- 7" vinyl single cover

Song by Jacques Brel

from the album Les Bourgeois
- Released: 1962
- Recorded: March 6, 1962
- Genre: Chanson
- Length: 2:37
- Label: Barclay
- Songwriter: Jacques Brel

= Le Plat Pays =

1962 song by Jacques Brel

"Le Plat Pays" (Translation: 'The Flat Country') is a French-language song by Belgian singer Jacques Brel about his home country. It also exists in a Dutch-language version as "Mijn vlakke land" ('My Flat Country'), also performed by him. The French lyrics are by Jacques Brel, the Dutch lyrics by Ernst van Altena.

==Concept==
Recorded on 6 March 1962, the song describes the North Sea as the final wasteland of Belgium's borders, then mentions the mist, the winds from all corners and cathedrals as "the only mountains" his country has. Brel sees the sky as "so low" that "a canal gets lost", and "so gray", that "a canal would hang itself". The low brooding sky brings his people humility. Yet, despite the grey skies and rain he still declares his country as "his".
The flat country referred to in the song is West Flanders, the region in Belgium from which his family originated. It is a region with many open fields and few trees. Because this landscape is rather typical not only of the West Flanders, but of large swathes of the Low Countries, the Dutch version of the song is popular in the Netherlands. He also refers to the Flemish seasonal workers who left their farms every winter to work in the textile mills of Northern France from November to May. (Les fils de novembre qui nous reviennent en mai)

==In popular culture==
The success encountered in Paris by his Swiss mentor friend Jean Villard' "La Venoge", about a little-known Swiss river located entirely within the canton Vaud, inspired and encouraged him to write the song.

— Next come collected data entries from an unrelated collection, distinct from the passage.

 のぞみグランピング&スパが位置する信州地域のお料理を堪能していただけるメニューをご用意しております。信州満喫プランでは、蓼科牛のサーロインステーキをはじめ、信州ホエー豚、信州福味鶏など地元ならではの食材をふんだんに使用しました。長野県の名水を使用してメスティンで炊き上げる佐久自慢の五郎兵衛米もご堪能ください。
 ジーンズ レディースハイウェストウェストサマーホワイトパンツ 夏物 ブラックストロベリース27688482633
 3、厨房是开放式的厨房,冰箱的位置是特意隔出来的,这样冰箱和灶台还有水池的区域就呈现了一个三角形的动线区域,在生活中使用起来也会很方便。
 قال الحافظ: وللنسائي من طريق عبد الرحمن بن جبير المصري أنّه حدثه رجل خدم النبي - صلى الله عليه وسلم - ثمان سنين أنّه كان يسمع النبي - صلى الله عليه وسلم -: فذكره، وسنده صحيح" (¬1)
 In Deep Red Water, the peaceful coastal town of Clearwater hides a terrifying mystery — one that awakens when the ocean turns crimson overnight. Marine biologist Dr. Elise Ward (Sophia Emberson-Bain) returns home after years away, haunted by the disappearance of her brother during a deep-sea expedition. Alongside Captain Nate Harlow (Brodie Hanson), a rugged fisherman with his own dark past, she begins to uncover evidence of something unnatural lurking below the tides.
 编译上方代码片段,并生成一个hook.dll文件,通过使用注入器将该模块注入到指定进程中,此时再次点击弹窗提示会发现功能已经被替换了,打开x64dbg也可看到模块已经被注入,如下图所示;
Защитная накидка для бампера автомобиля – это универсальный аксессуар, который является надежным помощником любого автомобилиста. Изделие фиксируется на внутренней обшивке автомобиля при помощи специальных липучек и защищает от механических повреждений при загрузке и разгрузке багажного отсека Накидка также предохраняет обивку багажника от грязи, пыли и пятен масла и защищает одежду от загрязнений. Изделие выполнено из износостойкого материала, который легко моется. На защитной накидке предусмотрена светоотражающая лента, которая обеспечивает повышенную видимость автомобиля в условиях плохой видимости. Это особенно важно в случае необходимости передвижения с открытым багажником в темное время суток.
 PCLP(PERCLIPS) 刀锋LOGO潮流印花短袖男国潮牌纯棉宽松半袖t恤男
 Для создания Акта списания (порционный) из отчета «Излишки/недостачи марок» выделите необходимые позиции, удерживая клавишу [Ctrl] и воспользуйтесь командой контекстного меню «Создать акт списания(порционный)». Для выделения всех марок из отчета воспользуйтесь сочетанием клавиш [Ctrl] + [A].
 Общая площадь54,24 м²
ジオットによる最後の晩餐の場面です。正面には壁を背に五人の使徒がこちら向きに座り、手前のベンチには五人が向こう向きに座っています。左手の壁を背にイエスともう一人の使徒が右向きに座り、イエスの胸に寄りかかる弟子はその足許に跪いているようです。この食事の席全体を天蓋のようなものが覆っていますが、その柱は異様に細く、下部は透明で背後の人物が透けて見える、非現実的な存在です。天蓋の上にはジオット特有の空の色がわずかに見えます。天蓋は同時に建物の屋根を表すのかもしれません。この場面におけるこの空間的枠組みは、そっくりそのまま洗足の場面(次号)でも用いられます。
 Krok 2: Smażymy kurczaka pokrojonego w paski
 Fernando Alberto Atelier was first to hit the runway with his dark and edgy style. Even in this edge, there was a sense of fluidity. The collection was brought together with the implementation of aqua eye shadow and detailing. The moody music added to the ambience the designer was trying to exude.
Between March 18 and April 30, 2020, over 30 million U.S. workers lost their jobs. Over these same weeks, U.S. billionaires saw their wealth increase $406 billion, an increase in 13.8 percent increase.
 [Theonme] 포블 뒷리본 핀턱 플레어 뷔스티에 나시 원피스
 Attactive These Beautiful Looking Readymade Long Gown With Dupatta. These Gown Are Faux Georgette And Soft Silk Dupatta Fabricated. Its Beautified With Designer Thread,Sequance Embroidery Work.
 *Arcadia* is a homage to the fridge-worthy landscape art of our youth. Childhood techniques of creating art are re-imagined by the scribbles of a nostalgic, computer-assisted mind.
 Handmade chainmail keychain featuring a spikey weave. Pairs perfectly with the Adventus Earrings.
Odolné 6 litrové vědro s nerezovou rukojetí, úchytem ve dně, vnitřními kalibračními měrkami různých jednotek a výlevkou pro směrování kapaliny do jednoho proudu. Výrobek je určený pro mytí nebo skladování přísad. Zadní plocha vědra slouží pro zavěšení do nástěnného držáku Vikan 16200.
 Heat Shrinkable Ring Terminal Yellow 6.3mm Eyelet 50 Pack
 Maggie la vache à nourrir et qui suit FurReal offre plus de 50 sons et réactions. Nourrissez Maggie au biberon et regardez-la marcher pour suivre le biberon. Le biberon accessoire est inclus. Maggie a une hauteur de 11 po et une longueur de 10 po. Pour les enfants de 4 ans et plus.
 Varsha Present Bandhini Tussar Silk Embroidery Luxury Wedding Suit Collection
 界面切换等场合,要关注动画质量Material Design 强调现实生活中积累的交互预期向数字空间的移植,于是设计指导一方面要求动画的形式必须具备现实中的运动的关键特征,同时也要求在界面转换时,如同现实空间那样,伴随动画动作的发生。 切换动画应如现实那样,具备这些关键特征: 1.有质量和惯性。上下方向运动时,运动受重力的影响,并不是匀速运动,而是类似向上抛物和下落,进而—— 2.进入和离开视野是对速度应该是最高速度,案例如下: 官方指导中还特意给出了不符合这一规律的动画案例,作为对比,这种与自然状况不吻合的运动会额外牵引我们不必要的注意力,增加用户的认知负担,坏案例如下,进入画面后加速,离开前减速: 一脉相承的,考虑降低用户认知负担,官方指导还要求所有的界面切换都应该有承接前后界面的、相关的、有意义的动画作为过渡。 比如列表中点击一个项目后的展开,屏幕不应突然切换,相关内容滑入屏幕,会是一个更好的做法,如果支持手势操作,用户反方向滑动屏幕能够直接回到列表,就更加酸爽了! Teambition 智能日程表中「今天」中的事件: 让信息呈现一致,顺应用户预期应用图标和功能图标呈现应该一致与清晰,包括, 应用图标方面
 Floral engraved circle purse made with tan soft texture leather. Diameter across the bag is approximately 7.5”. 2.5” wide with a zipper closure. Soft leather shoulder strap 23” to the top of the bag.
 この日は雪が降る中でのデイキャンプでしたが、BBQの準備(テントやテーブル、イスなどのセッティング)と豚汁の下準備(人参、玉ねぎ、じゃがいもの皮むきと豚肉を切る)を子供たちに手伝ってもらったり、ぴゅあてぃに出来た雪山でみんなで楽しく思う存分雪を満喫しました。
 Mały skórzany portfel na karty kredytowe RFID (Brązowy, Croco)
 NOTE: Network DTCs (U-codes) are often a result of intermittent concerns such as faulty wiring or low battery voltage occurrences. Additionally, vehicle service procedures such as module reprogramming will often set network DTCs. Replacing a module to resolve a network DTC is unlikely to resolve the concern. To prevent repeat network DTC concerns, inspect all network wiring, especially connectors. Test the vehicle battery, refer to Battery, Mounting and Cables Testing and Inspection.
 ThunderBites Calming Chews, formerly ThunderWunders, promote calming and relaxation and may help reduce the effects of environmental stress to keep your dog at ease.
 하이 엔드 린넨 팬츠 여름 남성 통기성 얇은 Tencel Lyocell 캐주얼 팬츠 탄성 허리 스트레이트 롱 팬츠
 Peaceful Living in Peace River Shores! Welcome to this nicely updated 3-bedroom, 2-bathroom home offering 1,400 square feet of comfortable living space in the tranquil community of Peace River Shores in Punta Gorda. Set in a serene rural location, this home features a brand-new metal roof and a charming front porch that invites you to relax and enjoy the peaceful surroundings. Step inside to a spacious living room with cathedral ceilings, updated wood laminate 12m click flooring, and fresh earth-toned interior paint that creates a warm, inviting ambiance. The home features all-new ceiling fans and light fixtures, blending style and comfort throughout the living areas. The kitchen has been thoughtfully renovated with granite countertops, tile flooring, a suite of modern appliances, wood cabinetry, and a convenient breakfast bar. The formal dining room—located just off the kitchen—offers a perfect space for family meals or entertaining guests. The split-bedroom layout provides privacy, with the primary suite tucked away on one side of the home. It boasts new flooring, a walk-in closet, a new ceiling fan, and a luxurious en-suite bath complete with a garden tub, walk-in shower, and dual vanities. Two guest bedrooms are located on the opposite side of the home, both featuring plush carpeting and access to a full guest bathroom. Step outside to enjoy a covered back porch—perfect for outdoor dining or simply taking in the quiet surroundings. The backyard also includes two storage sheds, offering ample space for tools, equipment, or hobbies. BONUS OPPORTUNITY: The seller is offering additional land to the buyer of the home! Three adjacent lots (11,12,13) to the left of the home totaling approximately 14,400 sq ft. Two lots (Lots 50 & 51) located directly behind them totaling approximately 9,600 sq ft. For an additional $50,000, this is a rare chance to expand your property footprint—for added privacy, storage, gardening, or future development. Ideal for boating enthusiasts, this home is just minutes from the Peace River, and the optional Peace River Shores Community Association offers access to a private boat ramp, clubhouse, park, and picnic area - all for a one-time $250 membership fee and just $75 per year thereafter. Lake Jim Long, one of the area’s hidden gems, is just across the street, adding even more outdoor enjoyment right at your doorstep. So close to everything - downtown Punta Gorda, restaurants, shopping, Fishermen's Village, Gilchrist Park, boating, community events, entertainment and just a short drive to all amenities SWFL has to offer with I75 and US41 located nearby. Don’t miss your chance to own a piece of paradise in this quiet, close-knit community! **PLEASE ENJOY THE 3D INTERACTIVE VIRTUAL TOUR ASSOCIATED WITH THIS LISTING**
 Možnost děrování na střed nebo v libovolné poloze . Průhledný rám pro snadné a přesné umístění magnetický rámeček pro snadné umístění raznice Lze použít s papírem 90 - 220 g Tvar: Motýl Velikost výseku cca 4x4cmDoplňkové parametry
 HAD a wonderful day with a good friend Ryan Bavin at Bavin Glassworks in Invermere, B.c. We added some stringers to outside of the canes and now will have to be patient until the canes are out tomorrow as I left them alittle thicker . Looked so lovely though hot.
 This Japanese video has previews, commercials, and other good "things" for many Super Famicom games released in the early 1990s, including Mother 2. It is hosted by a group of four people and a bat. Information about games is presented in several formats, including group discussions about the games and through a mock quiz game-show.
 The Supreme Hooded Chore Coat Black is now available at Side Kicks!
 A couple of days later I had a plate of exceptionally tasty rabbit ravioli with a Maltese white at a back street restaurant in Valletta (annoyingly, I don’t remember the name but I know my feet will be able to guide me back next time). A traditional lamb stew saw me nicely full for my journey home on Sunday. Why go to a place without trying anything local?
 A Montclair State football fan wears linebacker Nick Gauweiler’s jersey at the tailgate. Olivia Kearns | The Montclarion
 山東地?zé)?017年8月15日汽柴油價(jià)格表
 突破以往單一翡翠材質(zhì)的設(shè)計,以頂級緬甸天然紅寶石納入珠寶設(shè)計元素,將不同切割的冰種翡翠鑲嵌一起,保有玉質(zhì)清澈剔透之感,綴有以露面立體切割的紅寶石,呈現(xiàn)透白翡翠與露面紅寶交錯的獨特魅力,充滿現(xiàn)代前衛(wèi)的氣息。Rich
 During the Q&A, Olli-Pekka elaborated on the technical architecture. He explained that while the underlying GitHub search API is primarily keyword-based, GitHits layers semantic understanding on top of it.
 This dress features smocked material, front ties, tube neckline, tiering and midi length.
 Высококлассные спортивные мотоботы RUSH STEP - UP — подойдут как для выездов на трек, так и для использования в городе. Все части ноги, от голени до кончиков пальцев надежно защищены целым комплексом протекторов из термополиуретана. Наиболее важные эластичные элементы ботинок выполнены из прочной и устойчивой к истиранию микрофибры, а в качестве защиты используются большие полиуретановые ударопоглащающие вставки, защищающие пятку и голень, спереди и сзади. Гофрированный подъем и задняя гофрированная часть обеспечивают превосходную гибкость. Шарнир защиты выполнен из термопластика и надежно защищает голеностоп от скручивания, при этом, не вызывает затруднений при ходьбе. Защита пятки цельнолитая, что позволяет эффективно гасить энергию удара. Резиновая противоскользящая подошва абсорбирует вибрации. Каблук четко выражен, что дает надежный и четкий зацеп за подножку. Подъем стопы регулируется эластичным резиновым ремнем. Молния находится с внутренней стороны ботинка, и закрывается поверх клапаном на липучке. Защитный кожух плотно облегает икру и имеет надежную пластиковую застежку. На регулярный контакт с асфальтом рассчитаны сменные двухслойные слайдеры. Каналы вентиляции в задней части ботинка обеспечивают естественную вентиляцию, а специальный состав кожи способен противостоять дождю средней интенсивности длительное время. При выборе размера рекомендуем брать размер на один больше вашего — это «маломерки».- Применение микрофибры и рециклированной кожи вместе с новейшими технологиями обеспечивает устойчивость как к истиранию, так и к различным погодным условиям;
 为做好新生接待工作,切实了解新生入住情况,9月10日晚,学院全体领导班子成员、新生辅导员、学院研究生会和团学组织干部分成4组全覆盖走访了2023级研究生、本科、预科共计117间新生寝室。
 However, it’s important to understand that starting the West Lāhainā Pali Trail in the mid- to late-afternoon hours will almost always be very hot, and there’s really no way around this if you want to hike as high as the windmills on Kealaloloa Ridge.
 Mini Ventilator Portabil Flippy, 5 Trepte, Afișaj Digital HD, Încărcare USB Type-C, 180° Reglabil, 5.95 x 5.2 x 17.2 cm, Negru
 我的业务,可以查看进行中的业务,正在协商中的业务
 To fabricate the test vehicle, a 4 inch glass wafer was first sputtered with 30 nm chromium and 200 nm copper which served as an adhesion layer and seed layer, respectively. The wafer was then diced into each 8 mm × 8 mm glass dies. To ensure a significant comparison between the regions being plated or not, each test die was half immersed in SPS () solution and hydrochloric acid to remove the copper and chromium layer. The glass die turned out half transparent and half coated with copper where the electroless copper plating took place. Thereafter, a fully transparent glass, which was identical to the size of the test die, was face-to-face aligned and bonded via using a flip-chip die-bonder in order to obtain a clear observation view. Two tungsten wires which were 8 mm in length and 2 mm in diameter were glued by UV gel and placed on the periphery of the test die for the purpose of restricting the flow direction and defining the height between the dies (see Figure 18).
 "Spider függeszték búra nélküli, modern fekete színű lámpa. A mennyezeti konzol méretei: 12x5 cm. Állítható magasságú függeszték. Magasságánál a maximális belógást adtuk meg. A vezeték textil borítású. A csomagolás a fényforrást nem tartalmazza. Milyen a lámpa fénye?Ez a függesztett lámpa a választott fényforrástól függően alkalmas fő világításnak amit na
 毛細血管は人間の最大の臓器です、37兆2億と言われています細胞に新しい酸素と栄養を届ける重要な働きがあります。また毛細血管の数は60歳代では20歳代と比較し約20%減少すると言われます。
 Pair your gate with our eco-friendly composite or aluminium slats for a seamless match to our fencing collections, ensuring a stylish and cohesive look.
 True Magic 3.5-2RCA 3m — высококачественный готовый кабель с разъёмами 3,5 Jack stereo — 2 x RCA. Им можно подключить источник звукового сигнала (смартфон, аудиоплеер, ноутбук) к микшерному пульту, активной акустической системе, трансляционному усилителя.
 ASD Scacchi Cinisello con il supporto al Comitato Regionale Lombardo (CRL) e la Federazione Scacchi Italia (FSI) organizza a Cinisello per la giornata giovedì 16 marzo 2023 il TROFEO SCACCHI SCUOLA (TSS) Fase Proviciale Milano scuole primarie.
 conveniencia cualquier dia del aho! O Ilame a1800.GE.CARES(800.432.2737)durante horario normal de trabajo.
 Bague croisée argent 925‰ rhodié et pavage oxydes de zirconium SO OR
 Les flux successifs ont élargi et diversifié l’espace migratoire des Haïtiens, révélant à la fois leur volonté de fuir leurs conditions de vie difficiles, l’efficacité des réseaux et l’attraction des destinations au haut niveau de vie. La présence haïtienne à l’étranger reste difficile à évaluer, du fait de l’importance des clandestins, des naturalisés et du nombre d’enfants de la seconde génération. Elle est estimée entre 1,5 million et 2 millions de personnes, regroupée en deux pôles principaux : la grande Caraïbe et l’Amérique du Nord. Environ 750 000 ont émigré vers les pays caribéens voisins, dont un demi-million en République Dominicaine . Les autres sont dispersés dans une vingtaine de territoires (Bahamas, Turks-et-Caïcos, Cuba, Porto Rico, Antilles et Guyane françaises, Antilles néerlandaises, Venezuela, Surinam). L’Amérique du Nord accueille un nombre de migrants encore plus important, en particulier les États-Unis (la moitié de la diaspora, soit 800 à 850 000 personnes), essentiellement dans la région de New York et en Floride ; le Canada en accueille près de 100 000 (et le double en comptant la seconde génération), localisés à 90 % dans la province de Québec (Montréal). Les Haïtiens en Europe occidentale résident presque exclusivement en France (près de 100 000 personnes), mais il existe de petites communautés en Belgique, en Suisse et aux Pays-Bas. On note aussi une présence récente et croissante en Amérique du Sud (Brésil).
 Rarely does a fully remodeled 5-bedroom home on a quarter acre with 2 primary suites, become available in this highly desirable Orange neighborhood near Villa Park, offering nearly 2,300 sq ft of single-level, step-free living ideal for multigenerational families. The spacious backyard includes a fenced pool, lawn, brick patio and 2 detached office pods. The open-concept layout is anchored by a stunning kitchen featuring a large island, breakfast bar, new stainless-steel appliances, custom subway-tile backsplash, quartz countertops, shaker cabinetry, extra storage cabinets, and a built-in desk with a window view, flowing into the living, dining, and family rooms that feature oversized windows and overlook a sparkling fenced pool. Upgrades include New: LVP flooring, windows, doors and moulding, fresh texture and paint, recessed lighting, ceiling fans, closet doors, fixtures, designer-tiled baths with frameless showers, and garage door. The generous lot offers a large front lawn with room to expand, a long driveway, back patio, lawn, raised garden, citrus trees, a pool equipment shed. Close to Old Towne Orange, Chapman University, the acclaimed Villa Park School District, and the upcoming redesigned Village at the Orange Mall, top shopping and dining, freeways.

Valencian singer Ovidi Montllor wrote a largely modified version, "El Meu Poble Alcoi" ("My Hometown Alcoi"), which he dedicated to the city where he was born and grown up.

The song was also referenced in the original French-language version of Asterix in Belgium, where the Belgian leader tells Asterix, Obelix and Vitalstatistix that "in his flat country oppidums are the only mountains."

The Italian singer and author Herbert Pagani wrote and interpreted a cover titled "La Lombardia".